Only the lines from the one containing "เมื่อใช้จ่ายค่าแพ็กเกจแต่งงานครบ 450,000 บาทสุทธิขึ้นไป" through the end of the data are wanted, reproduced exactly and without pictures.
|---|
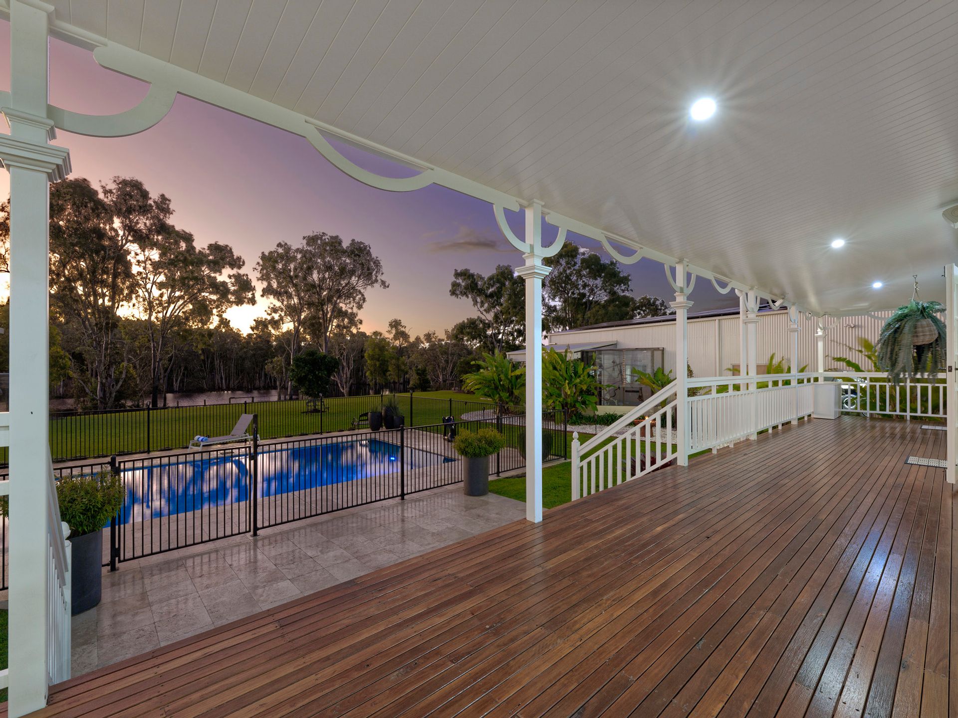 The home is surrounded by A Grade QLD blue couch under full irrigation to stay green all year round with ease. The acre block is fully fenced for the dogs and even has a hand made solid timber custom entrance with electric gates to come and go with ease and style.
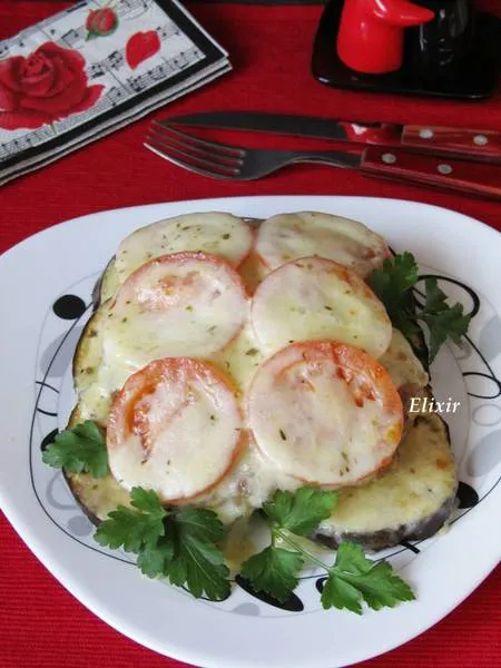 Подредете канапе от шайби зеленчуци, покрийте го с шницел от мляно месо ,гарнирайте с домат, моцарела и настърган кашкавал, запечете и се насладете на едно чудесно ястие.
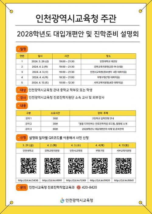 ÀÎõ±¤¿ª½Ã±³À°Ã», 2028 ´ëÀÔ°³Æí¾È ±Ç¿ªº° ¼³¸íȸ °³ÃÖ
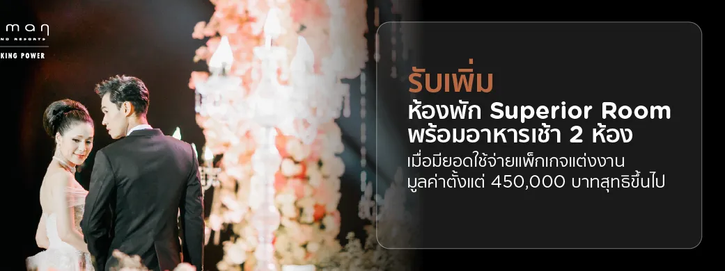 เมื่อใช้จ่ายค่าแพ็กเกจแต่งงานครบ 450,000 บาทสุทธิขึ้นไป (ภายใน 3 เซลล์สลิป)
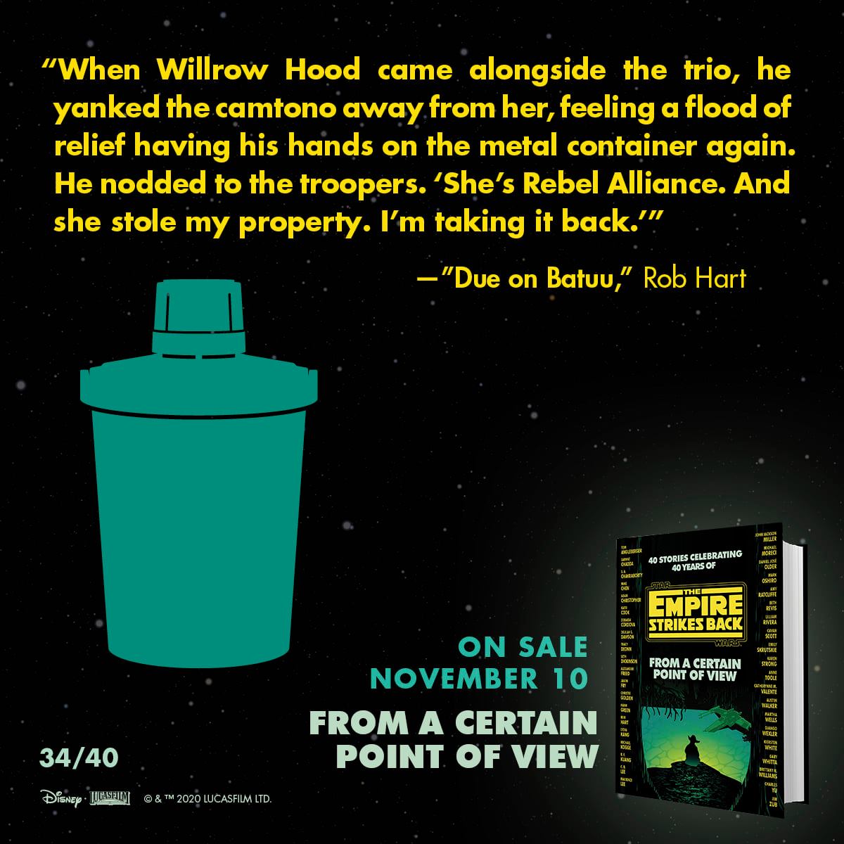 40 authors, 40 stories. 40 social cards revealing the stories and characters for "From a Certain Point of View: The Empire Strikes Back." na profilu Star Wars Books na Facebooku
|---|
## Expected answer:
 เมื่อใช้จ่ายค่าแพ็กเกจแต่งงานครบ 450,000 บาทสุทธิขึ้นไป (ภายใน 3 เซลล์สลิป)
 40 authors, 40 stories. 40 social cards revealing the stories and characters for "From a Certain Point of View: The Empire Strikes Back." na profilu Star Wars Books na Facebooku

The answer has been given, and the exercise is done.